We recently invested in a server for the sole purpose of solving engineering simulations in Simulia Abaqus (FEA). This server was to be an upgrade to our existing server. For the types of simulations we do, the time required for the simulations scale inversely with the number of cores. We went from 6 cores on a CPU released in 2014 to 32 cores on a CPU released in 2017 and were expecting to realize ~5x increase in speed (solve in 20% of the time). However, we've only realized about 2x increase in speed (solving in 50% of the time). This is much slower than we were expecting.
As a test, we ran the same simulation in the same version of the software on new and old server using 6 cores for both. The new server took 15.5 hrs to solve, while the old server took just 6 hrs to solve (again, both using 6 cores). For this test, we expected the new server to solve in ~6 hrs.
We're hoping to get some help to determine why this is the case and if/how we can speed things up.
New System Specs:
Dell Poweredge R7425
CPUs: 2x Epyc 7351 (16C/32T)
RAM: 192GB DDR4 2666 (12x 16GB)
OS Storage: 480GB SATA SSD
Data Storage: 1.6TB NVMe SSD
OS: CentOS 7.7 (we've tried multiple kernels including 3.10)
PSU: Redundant 1100W (1+1)
Old System Specs:
Dell Unknown
CPU: 1x Xeon E5-2643v3 (6C/12T)
RAM: 128GB DDR4 1600 (8x 16GB)
OS Storage: 250GB SATA SSD
Data Storage: 2TB SAS HDD
OS: Windows Server 2012
PSU: unknown
Did you run any tests how well your application scales?
I could imagine you might be running into issues described by Amdahls Law, or more specifically the Universal Scalability Law.
Regards ~Chris
For the program we're using (abaqus, a widely used FEA software), the number of threads to use is set manually.
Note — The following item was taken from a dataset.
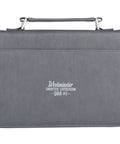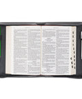 When the cover is open, a gray faux-leather handle, attached to the spine with silver hardware, folds completely flat to ensure the Bible opens completely.
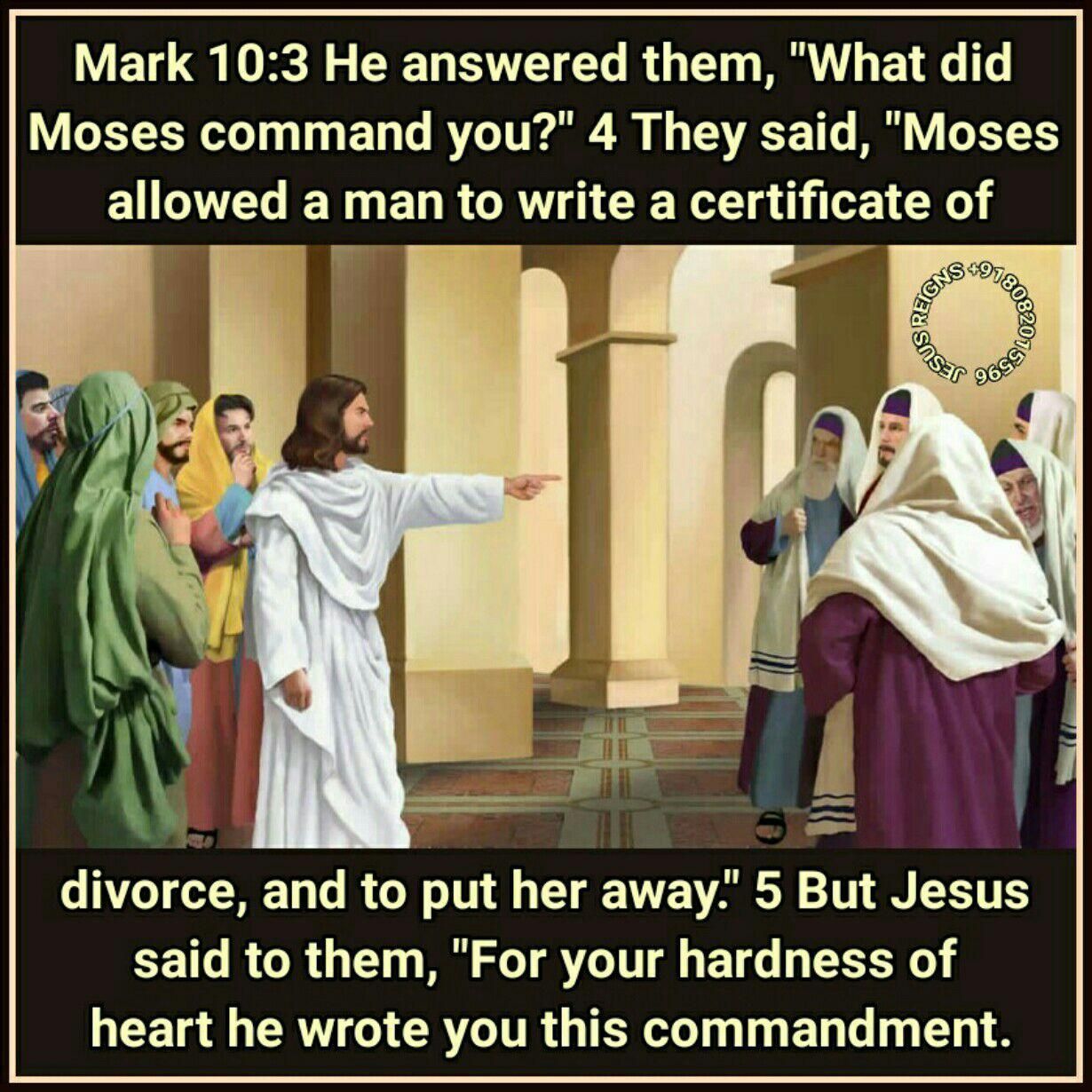 1 And he left there and went to the region of Judea and beyond the Jordan, and crowds gathered to him again; and again, as his custom was, he taught them. 2 And Pharisees came up and in order to test him asked, "Is it lawful for a man to divorce his wife?" 3 He answered them, "What did Moses command you?" 4 They said, "Moses allowed a man to write a certificate of divorce, and to put her away." 5 But Jesus said to them, "For your hardness of heart he wrote you this commandment. 6 But from the beginning of creation, `God made them male and female.' 7 `For this reason a man shall leave his father and mother and be joined to his wife, 8 and the two shall become one flesh.' So they are no longer two but one flesh. 9 What therefore God has joined together, let not man put asunder." 10 And in the house the disciples asked him again about this matter. 11 And he said to them, "Whoever divorces his wife and marries another, commits adultery against her; 12 and if she divorces her husband and marries another, she commits adultery."

We tested both the new solver and the old solver using 6 threads. The new solver took 15.5 hrs to solve while the old solver took only 6 hrs to solve.
For reference, if we increase from 6 to 12 threads on the new solver, the run time is reduced from 15.5 hrs to 8 hrs, indicating that things are scaling as expected. Same if we go from 12 to 24, run time is reduced from 8 hrs to 4 hrs.
Abaqus comes with 2 different solvers: standard and explicit. Explicit scales rather well on many cores, and even scales on distributed memory systems. And it runs pretty well overall on 1st gen Epyc CPUs. "Standard" solver is a different beast entirely. If you had some options to control core binding, it would not be as bad. But most of the commands needed are undocumented, and do not always work as intended.
From my own testing, I would conclude that 1st gen Epyc with its complicated NUMA topology is just about the worst-case for this solver. It doesn't help that your server has a suboptimal memory configuration. Fixing that might give you some better -and more consistent- results, but it won't be a game-changer. 2nd gen Epyc might be, at least configured in NPS1 mode. But overall, no CPU available right now or in the foreseeable future would get you the performance increase you hoped for. Not for Abaqus standard solver.
Side-note: from my own testing, GPU acceleration can work pretty well for Abaqus standard. That's something to look into for cutting your solver times in half and more.
As flotus1 pointed out there are 2 different solvers for Abaqus.
Which one are you using?
As for the memory configuration we recommend that you run all 8 channels of memory per socket(especially on the NAPLES generation since there is no IO die)
The pinning of the threads/ranks is also critical to achieving optimal performance. Especially since the memory is less than 1 DIMM per channel.
My recommendation would be to try to get to a 1 DIMM per channel configuration with explicit pinning of the threads to see if this improves your situation.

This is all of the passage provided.